Aller au-devant par derrière. Se dit de quelqu’un qui use de moyens détournés.

Aller en champ, Mener paitre les bestiaux..

Aller tout à la douce, Aller tout plan plan, Aller tout doucement, ne pas être malade, mais ne pas être resplendissant de santé. Le dialogue suivant se répète cinq cents fois par jour à la Croix-Rousse et à Saint-Just : C’est toi, ganache ! Comment que te vas ? — C’est donc toi, grande bugne ! ça va ben tout plan plan. — La première locution s’explique toute seule ; la seconde est le piano piano des Italiens.

Où vas-tu ? — Je vas place Sathonay… je vas rue Mercière, pour « à la place Sathonay » ou « en rue Mercière ». Mais on ne le dit pas devant un nom de quartier. On ne dit pas : Je vais Vaise… je vais Perrache. Il faut dire alors : « Je vais en Vaise », et « à Perrache ».

ALLONGER. — Allonger une sauce, Y ajouter de l’eau, du bouillon. Sauce longue, sauce allongée, est-ce français, je n’en sais rien, mais c’est bien pittoresque.

S’allonger, v. pr. — Allonger son chemin. — Te vois don pas que des Terreaux en passant par Vaise pour aller à Perrache, nous nous allongeons ? — Métonymie, comme il en existe tant d’exemples dans le français.

Allonger la demi-aune. Voy. aune.

ALLONS. — Allons, bien pensé ! Locution approbative, que les gens aimables et bienveillants, comme nous sommes fous, nous autres Lyonnais, ne manquent jamais à dire chaque fois qu’on leur fait part de quelque détermination. Le brave et digne P. l’avait constamment à la bouche. Un jour il rencontre un ancien ami qu’il n’avait pas vu depuis longtemps : Qu’è que t’as fait depuis moi, mon pauv’ vieux ? — Je me suis marié. — Allons, bien pensé ! — Oui, mais je suis devenu veuf. — Allons, bien pensé !
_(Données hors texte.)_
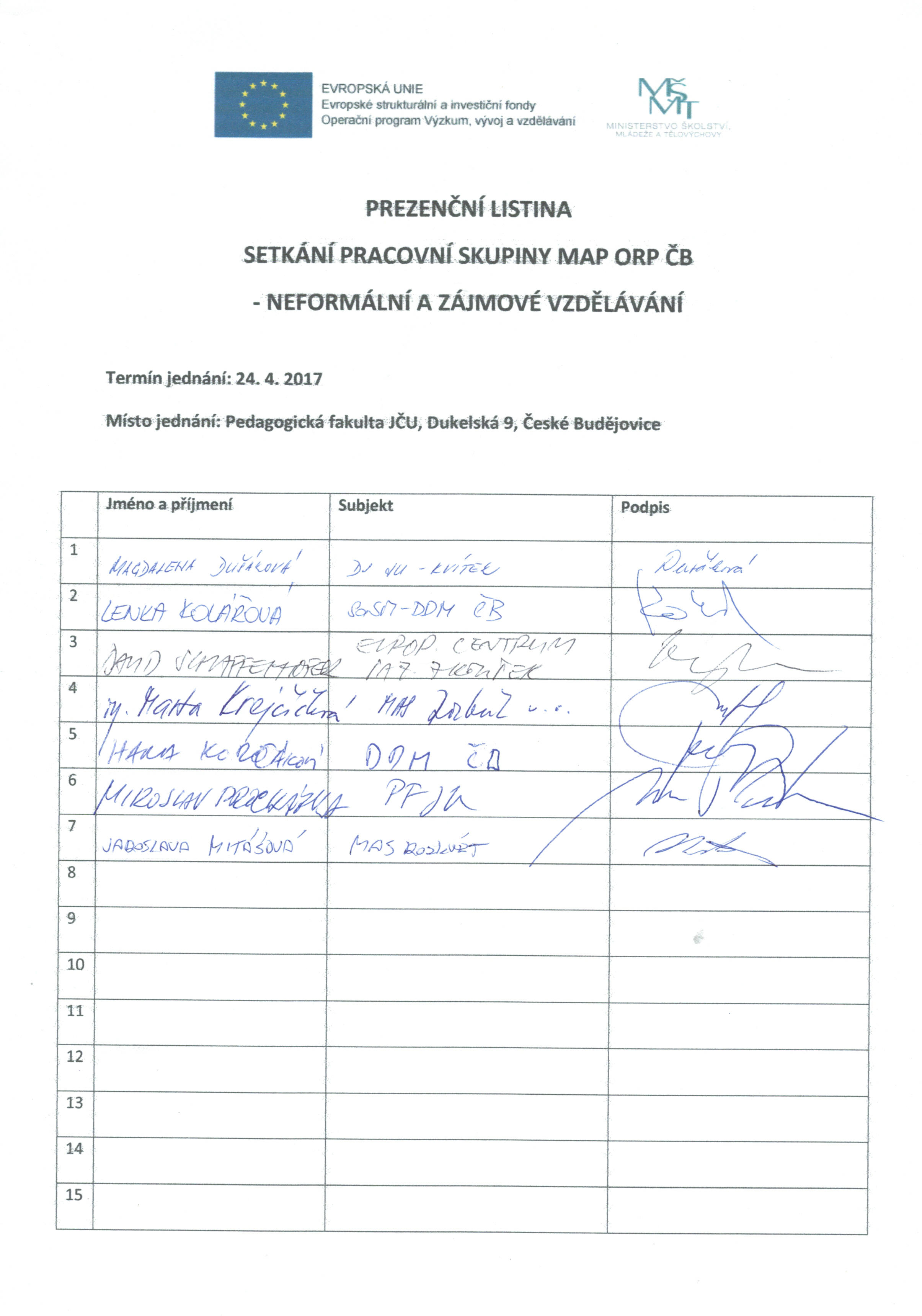 - 24.4.2017, Pedagogická fakulta JČU v Č. Budějovicích, Zápis z jednání, Prezenční listina

ALLURÉ, ÉE, adj. — Se dit de quelqu’un dont on voit bien, à ses yeux, que sa tête n’est pas cuite. L’origine est déluré pour déleurré, qui ne se laisse plus prendre au leurre (piège). Cette origine ayant été perdue de vue, on a rapporté déluré à allure, et l’on a trouvé bien plus logique de dire alluré, comme on dit d’un cheval fringant qu’il a de l’allure.